** Opening Data provided block **

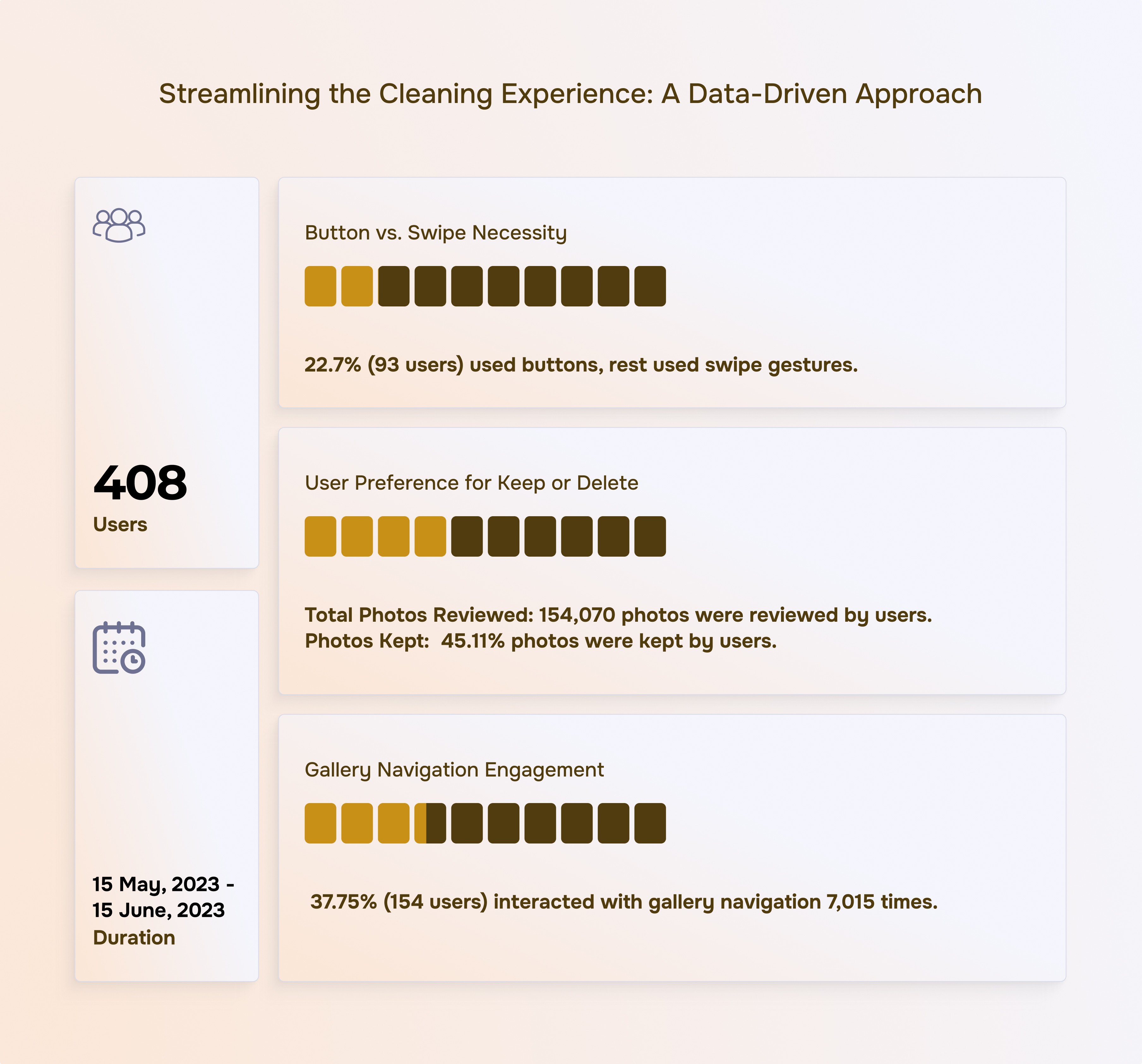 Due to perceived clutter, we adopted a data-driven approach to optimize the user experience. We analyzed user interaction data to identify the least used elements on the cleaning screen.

** Closing Data provided block **
** Opening Data provided block **

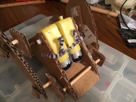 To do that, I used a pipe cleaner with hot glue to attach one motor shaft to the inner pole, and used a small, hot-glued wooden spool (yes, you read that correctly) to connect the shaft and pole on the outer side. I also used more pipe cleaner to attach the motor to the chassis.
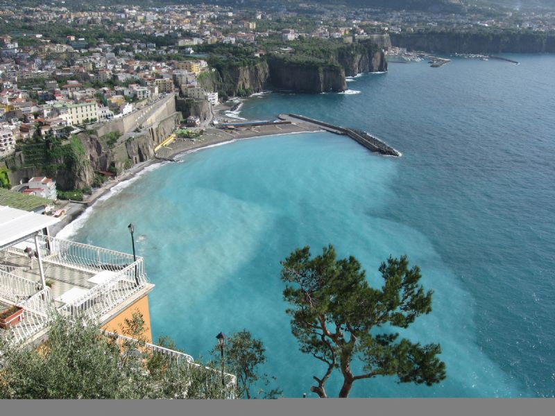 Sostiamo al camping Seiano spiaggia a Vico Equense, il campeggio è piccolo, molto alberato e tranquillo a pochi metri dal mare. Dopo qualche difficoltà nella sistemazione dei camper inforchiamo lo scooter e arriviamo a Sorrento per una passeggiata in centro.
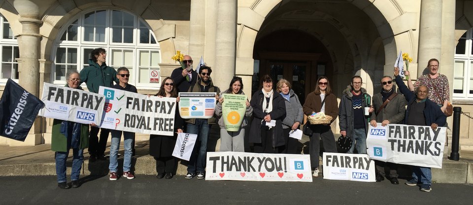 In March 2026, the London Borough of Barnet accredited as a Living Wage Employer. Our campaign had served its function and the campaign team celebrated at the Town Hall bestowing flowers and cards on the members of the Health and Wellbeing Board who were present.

** Closing Data provided block **

Copy back exactly the lines above from the one containing "To do that, I" through the one containing "Sostiamo al camping", and leave every picture behind.

Result —
 To do that, I used a pipe cleaner with hot glue to attach one motor shaft to the inner pole, and used a small, hot-glued wooden spool (yes, you read that correctly) to connect the shaft and pole on the outer side. I also used more pipe cleaner to attach the motor to the chassis.
 Sostiamo al camping Seiano spiaggia a Vico Equense, il campeggio è piccolo, molto alberato e tranquillo a pochi metri dal mare. Dopo qualche difficoltà nella sistemazione dei camper inforchiamo lo scooter e arriviamo a Sorrento per una passeggiata in centro.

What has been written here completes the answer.